Last September, I was writer in residence at Helfa Gelf’s Haus of Helfa 2015. This was a creative residency involving thirteen artists who occupied a semi-derelict building in the North Wales coastal resort of Llandudno. The house used to be an RAF servicemen’s club and is locally known as ‘The Tedder House’, named after RAF Marshall, Arthur William Tedder, 1st Baron Tedder, GCB, who devised the method of ‘carpet bombing’ used near the end of World War II.
Each artists was assigned a room in which to work and interact with the public. Being a writer, the room assigned for me was, naturally, the bar. The bar was in the process of being restored using furnishings reclaimed from local hotels that had been abandoned and were also falling into dereliction. The bar itself was brought from the Tudno Castle and during its installation, a couple of corks were found, assumed to have fallen from within a void. On closer inspection, it was clear these dusty old corks were a crude, yet undeniably charming model of a dog, with legs made from match-sticks.

I am, of course, interested in stories and my original intention for the residency was to collect hearsay and folklore from the visitors during the open-door policy. This little cork dog certainly sparked my imagination, so I placed ‘Corky’ in pride of place on the bar as a talking point, hoping for locals with their local knowledge to shed some light on its possible origins. This worked a treat and generated lots of interesting and delighted conversations from visitors of all ages. Grown-ups were charmed and children were highly engaged, even making up some cicorc stories of their own – unprompted – to tell me. The stories I collected ranged from personal anecdotes and family mythologies to hearsay and conjecture. I also learnt that some bars and inns along the coast of North Wales were constructed using the salvaged timbers from shipwrecks.

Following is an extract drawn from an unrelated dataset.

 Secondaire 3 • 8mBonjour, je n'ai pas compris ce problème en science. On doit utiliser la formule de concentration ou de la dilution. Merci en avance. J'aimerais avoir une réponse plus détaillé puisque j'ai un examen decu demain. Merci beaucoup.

My primary output from the residency was a short story about the journey of one particular cicorc and how it played its part in bringing home a lost sailor to be reunited with his family. During the residency I made ten ‘replica’ cicorcs that were offered up for ‘adoption’. The numbered and signed Haus of Helfa edition all sold and are now having their own continuing adventures. Each was named after a nineteenth century vessel that was wrecked off the North Welsh coast. The story explored the ideas of transaction, transport and depletion, linking those ideas, poetically, to cargo, voyages and farewells.

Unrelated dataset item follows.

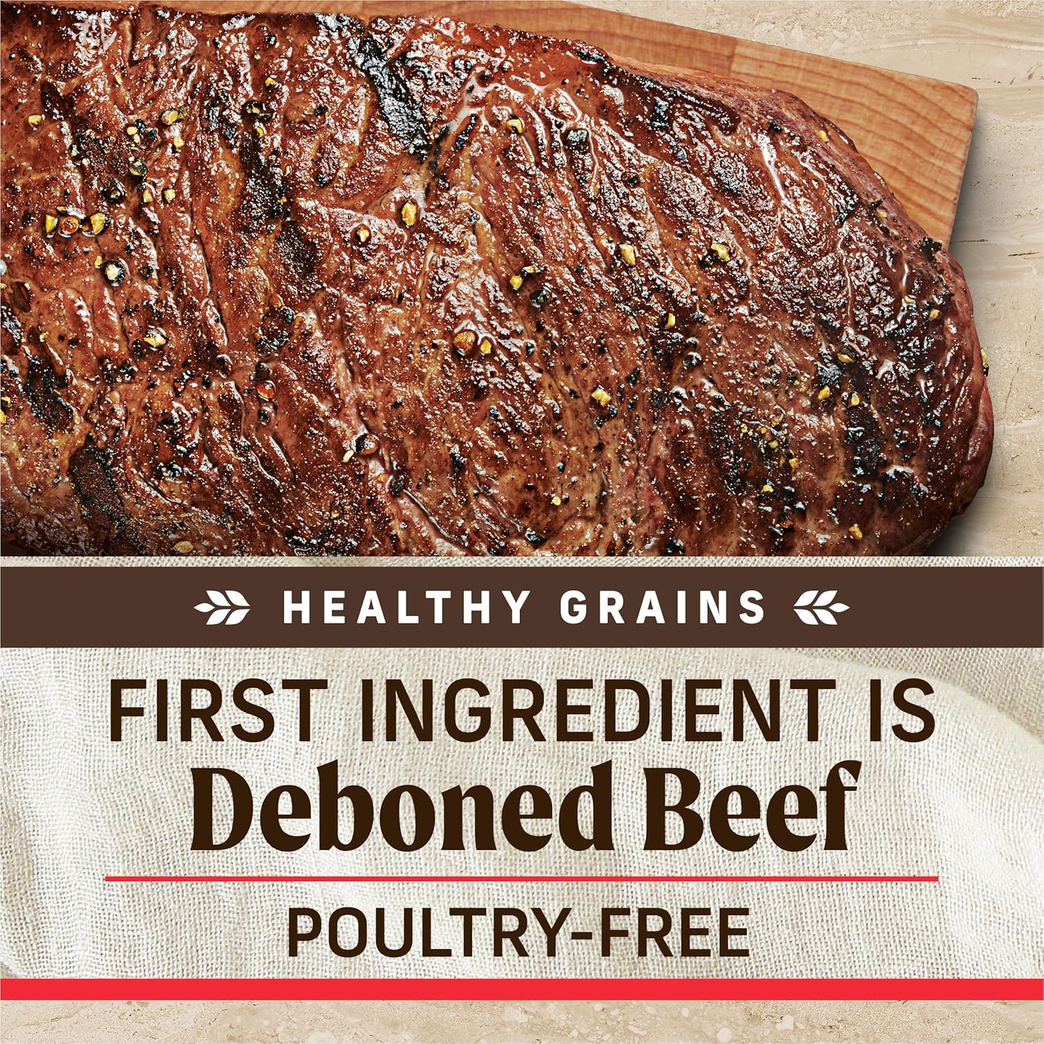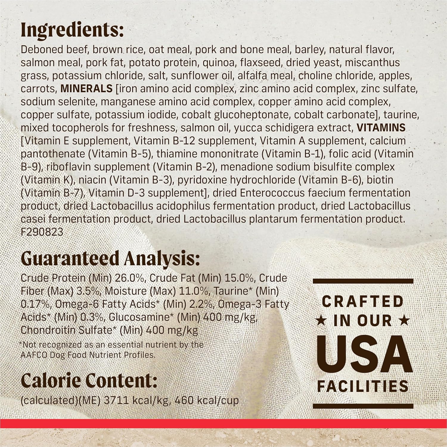 Offer your dog a healthy meal made with nutrient-rich ingredients with Merrick Healthy Grains Dry Dog Food, Real Beef and Brown Rice Recipe. Real deboned beef is the number one ingredient in this wholesome high protein dog food that helps maintain lean muscle mass and healthy energy levels. This premium kibble also contains a holistic blend of whole grains to create a delicious and natural, with added vitamins, minerals, and nutrients, whole grain dog food with oats that are easily digestible. Additionally, this beef dog food with brown rice contains Omega-6 and Omega-3 fatty acids to support healthy skin and coat. It also helps support healthy hips and joints through high levels of glucosamine and chondroitin for dogs. This wholesome kibble is a potato free dog food and is made without peas, corn, lentils, or soy to ensure a premium beef and rice dog food option. Merrick dry dog food recipes are proudly founded in Hereford, Texas, crafted in USA facilities.

I learnt by making and, apart from the eyes and nose decals, there is no glue used in the construction and they are made from ‘authentic’ materials, just as they would have been in the nineteenth century. Each unique cicorc was sold with an explanatory booklet that also contained my short story, which is currently being developed by a publisher into a picture-book for children.
As with any folklore, the stories of the Cicorcs (apparently the proper pluralisation in Welsh would be cŵncorc) is based almost entirely on hearsay. There is very little evidence save for the oral hand-me-down tales told by the descendants of local fishermen, boat-makers and seafarers … and then there is ‘Corky’ – merely an old children’s toy, or a sailor’s good-luck talisman that had voyaged to far off lands and ports exotic, before finding its way back home to Llandudno? If the ‘little fella’ could talk, what tales he would tell?
FOOTNOTE: The ‘Ci Corc’ (which simply means ‘cork dog’ in Welsh) is also thought to be the origin of the breed name for the Welsh cattle dog, favoured by the Queen, the corgi – because their barrel-like physique and russet colouring is said to resemble the traditional cork dogs of County Conwy.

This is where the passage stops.